The Pulitzer Prize mocks my cliché writing. ‘The Greats’ laugh down their seasoned noses at me, the lackluster journalist whose competitive edge is buried deep (if it exists at all).
Worst, perhaps, is the former belief that has been sufficiently beat out of my mind: the belief that I was actually a competent writer (before I began journalism school). Truly, I believed journalism school would merely build on my existing talent. Now I’m hoping for a talent transplant from someone who has given up on the mutating journalism industry.
When I think about ever getting a job in journalism I get indescribably depressed. I feel that no matter what I write it will never be good enough. Good enough to change the world for those who desperately need change. Good enough to give hope to the hopeless. Good enough to make myself believe that a “meaningful life has actually been facilitated by an engagement with writing.”
I’ve never truly considered an alternative to journalism. (Ok, I’ve toyed with marrying rich and spending my husband’s wealth on humanitarian projects, and the occasional pair of Christian Louboutins. But then I’d have to be a trophy wife, which would mean giving my look a little more gusto, read: gym time.)

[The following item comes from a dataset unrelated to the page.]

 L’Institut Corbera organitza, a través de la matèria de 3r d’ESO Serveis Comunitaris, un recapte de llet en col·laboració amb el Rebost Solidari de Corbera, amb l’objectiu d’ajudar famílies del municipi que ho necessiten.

As exam week of my first semester in the professional journalism program has descended I want to sit and cry while listening to David Gray songs. I want to give in to my fantasies about returning to Africa and playing soccer in a brilliant green field with my children from the Maranatha Orphanage. I want to admit that I have no idea whether my heart still yearns for journalism. I want to admit that I may be incapable.

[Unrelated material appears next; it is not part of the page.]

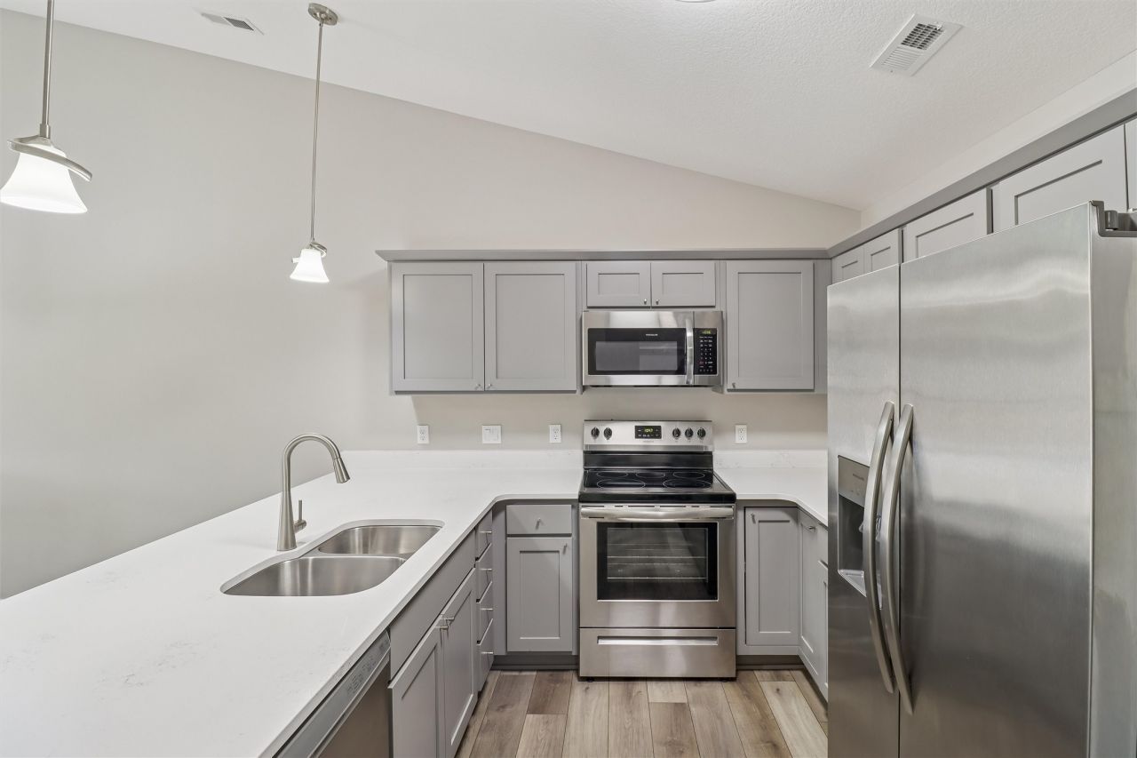 Better than new, zero-entry bi-attached home built in 2023 offering 2 bedrooms and 2 full bathrooms. This well-designed home features luxury vinyl plank flooring throughout, faux wood blinds in every room, and an open, functional layout. The kitchen comes fully equipped with all appliances included, making this home truly move in ready. Enjoy the convenience of a 2-car attached garage and low maintenance living. Additional features include gutter guards for added ease of maintenance. Property includes the remainder of the 5-year tax abatement.

Then I remember, in the abyss of my soul, that writing is balm for days like today. After winter’s wind has whipped away my last reserve of confidence about my future, I remember- I can write for pleasure. I can write without an editor haunting my sentence structure or lecturing about run-ons. I can write with Pandora in the background, an office cluttered with homework I’m neglecting and a roommate who interrupts my thoughts with Spanish questions. I can write while weeping on my keyboard, knowing JTech has no dominion in my living room.
“Engaging with the very fabric of life” through writing is lackluster today. But the soothing clack, clack, clack of relaxed fingers on my old keyboard is something more, something vaguely spiritual.